I love the simplicity, great job.


----------



## xmas_one (Feb 5, 2010)

Very clever, I like it!


----------



## idex (Apr 15, 2010)

Nice Job and good explanation.


----------



## sumer (Feb 6, 2010)

completely impressed. Awesome. so simple and effective. Now i think I can take out that ugly looking skimmer and powerhead out of my small tank. Thank you


----------



## usgetata (Dec 28, 2012)

I am glad you like it. The look does matter as well as function!


----------



## pandacory (Apr 18, 2011)

Does using the figer glove provide flexibility to the height of the skimmer?

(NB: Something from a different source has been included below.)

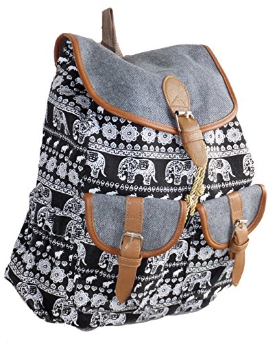 If you want to buy Womens Large Canvas Backpack Ladies Girls Boys School College Student Bag Cabin Travel Rucksack with Gym Sack 2609 (2609 Black elephant) safely and comfortably please click on the button below: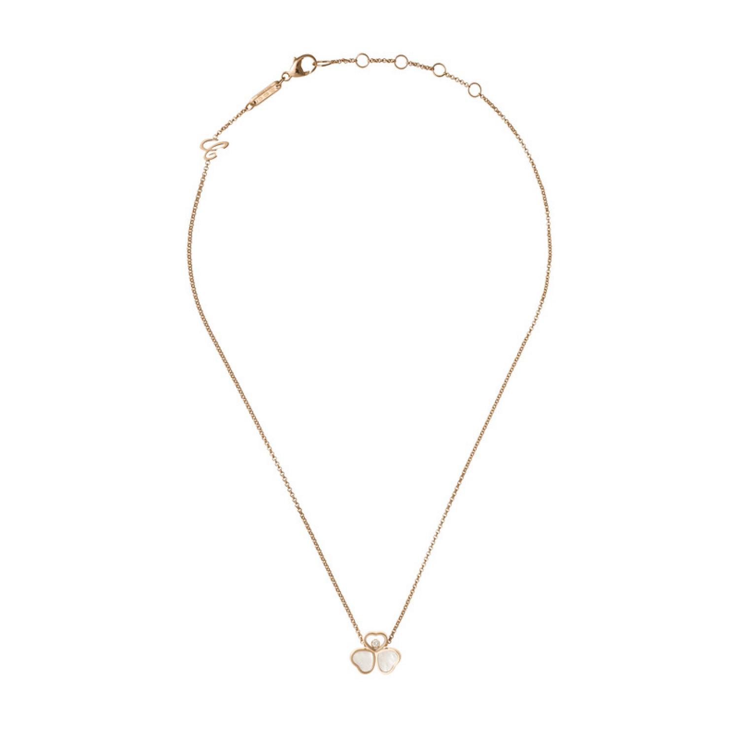 The butterfly, the ultimate emblem of lightness, has infused all its delicacy and symbolic strength into Happy Hearts Wings diamond necklaces. It finds exquisitely refined expression in the design of this luxury jewelry collection, echoing the symbols of the Maison Chopard. Two mother-of-pearl and rose gold hearts, arranged like butterfly wings, are suspended from a heart with a dancing diamond nestling inside. Little Diamonds Do Great Things

Does the skimmer adjust to water surface height or do you need to be mindful of water top offs? I am wondering if a small float could be added to keep it always just below the surface.


----------



## fish_22 (Jun 13, 2013)

so you leave part of the filter intake sticking out of the bottom and then the rest of the water is sucked in through the top of the tube and this creates surface circulation?
i havent looked into skimmers before so i dont quite understand how they work 
looks cool though, i might have to try because otherwise i have to turn on a very noisy airstone 2x a day


----------



## Gecko (Jun 2, 2013)

Much better than that products... Big, usually black or ugly grey color.. 

Thanks for inspiration, I'll do one for myself...


----------



## talontsiawd (Oct 19, 2008)

Great idea. I have chronic surface scum that won't go away and was thinking about swapping my inflow to a regular one and add a skimmer. I may modify your idea and make it have 2 or 3 sections so I can take it off without removing the pipe.


----------



## usgetata (Dec 28, 2012)

pandacory: Yes you can pull the skimmer up and down to adjust the height. My skimmer has long enough gaps so I only have to adjust it like once a week, or just top off the water. Like I said before If you leave the finger cots long enough and put some floating foam on the top of the skimmer it will float along with the water level. Just make sure to place the floating foam somewhere in the middle of the gap height.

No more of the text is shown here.